“So we actually began . . . as if painting were not only dead but had never existed.”
—Barnett Newman, 1967
“Epic Abstraction: Pollock to Herrera” is an ongoing exhibition to open to the public this upcoming Monday, Dec. 17th, in the Lila Acheson Wallace Wing of The Met. “Epic” in this title points both to the physical scale of the paintings and to the expansive ideas represented in these artworks—subjects ranging from time, to history, to the existential self. The collection expands beyond the familiar artworks of the New York school of the mid-twentieth century (Jackson Pollock, Willem de Kooning, Mark Rothko, etc.) to include works by artists that have reinterpreted and reinvented the idea of abstraction.
While Pollock was celebrated and canonized for his drip paintings for a significant portion of his short life, Herrera, an immigrant woman from Cuba, only began receiving recognition very recently—despite having prefigured later artistic trends such as Op art and minimalism. She had been practicing and refining the idea of abstraction since the fifties in New York, alongside her more publicized peers such as Leon Polk Smith and Barnett Newman. The collection in this exhibit, referenced by the second half of the title, “Pollock to Herrera,” aims to emphasize the inclusion of artists previously marginalized, and place them in conversation with the more well known white male artists of abstract expressionism.

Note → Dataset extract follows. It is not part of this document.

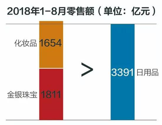 此外,女性爱美的支出猛增,化妆品加金银珠宝的消费额,已超过日用品。
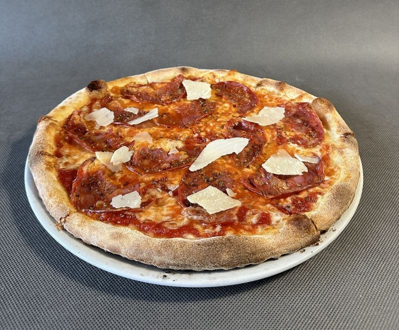 • 1. Pizza Florencia-tomaty, mozzarella fior di latte, slanina, brokolice

Carmen Herrera, Equilibrio, 2012
Herrera—born in Havana, Cuba in 1915—had faced significant discrimination in the New York art world until her long-overdue recognition in the early 2000s when she was included at the Frederico Sève Gallery with other female geometric painters. Since then, her artistic vision has been acknowledged, and the artist is now recognized for her geometric abstraction paired with her reductive color palette and impeccable application. At age 103, she continues to work in her Manhattan studio today. Her 2012 piece, Equilibrio, brings formal oppositions into balance: three isosceles triangles are balanced on top of each other, and a stark contrast is represented between positive and negative spaces.
Louise Nevelson, Mrs. N’s Palace, 1964–77
In the same room as Herrera’s Equilibrio breathes Louise Nevelson’s massive sculpture Mrs. N’s Palace, which dominates the entire space with its imposing size and monochromatic black. Nevelson, another immigrant woman from Ukraine, was especially fascinated with Cubism. In the 1930s, Nevelson traveled to Munich, Germany, to study Cubism. Cubist techniques seep profoundly into her sculptures including this one, where the assemblage of disparate found objects seems to represent multiple planes of perspective and are forced to create a uniform whole. Like her abstract expressionist contemporaries Rothko and Newman, she believed in evoking a sense of spiritual transcendence; her sculptures often resemble chapels or meditative spaces, and such ethereal emotions are heightened by her characteristic use of monochromatic black or white.
“Epic Abstraction” is a living exhibit; pieces will continue to be added and replaced to match our changing times.